Though Millsap has the security of a three-year contract, and the comfort level that comes with it, his player option allows him to re-enter a free-agent market flush with cash following the league’s projected salary cap increase from $70 million to $108 million for the 2017-18 season. It’s unlikely his next contract pays for his prime but, at least during Budenholzer’s tenure, players’ best years have not adhered to a strict timeframe in Atlanta.

At 30, Millsap has done just about everything except slow down.

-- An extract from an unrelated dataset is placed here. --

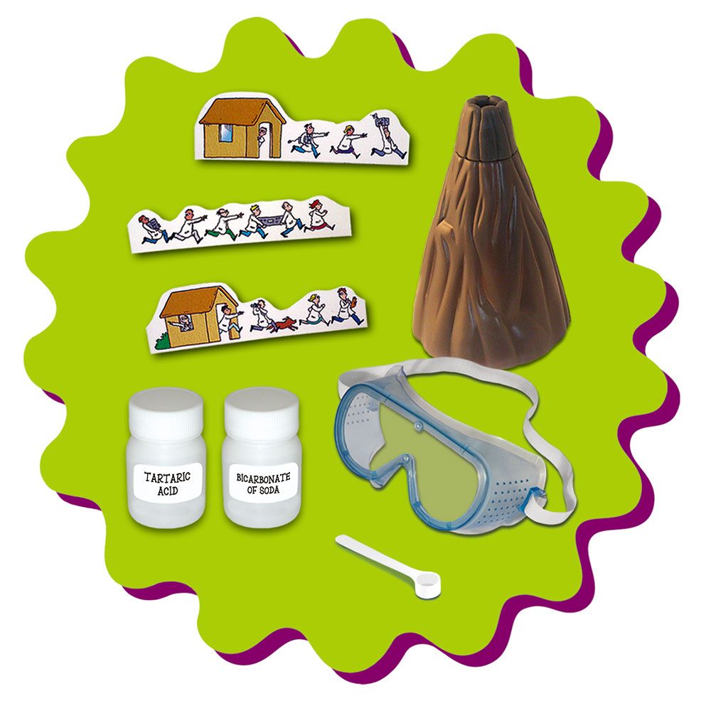 Make a lava-ly erupting volcano, become a survival safety expert and discover why volcanoes blow their tops. It includes an 8-page 'Horrible Info' leaflet along with plastic volcano model, tartaric acid, bicarbonate of soda, goggles, scoop and mini card stand-ups

That’s a problem for the East.

"Personally, I was not going to let what other people say about me be true. I came in as a rebounder. I always wanted to grow my game and expand my game, get better," Millsap said of his development process. "With that, over time, the NBA is changing. It’s going to more of a stretch-four, things that meet my qualifications. The timing was perfect."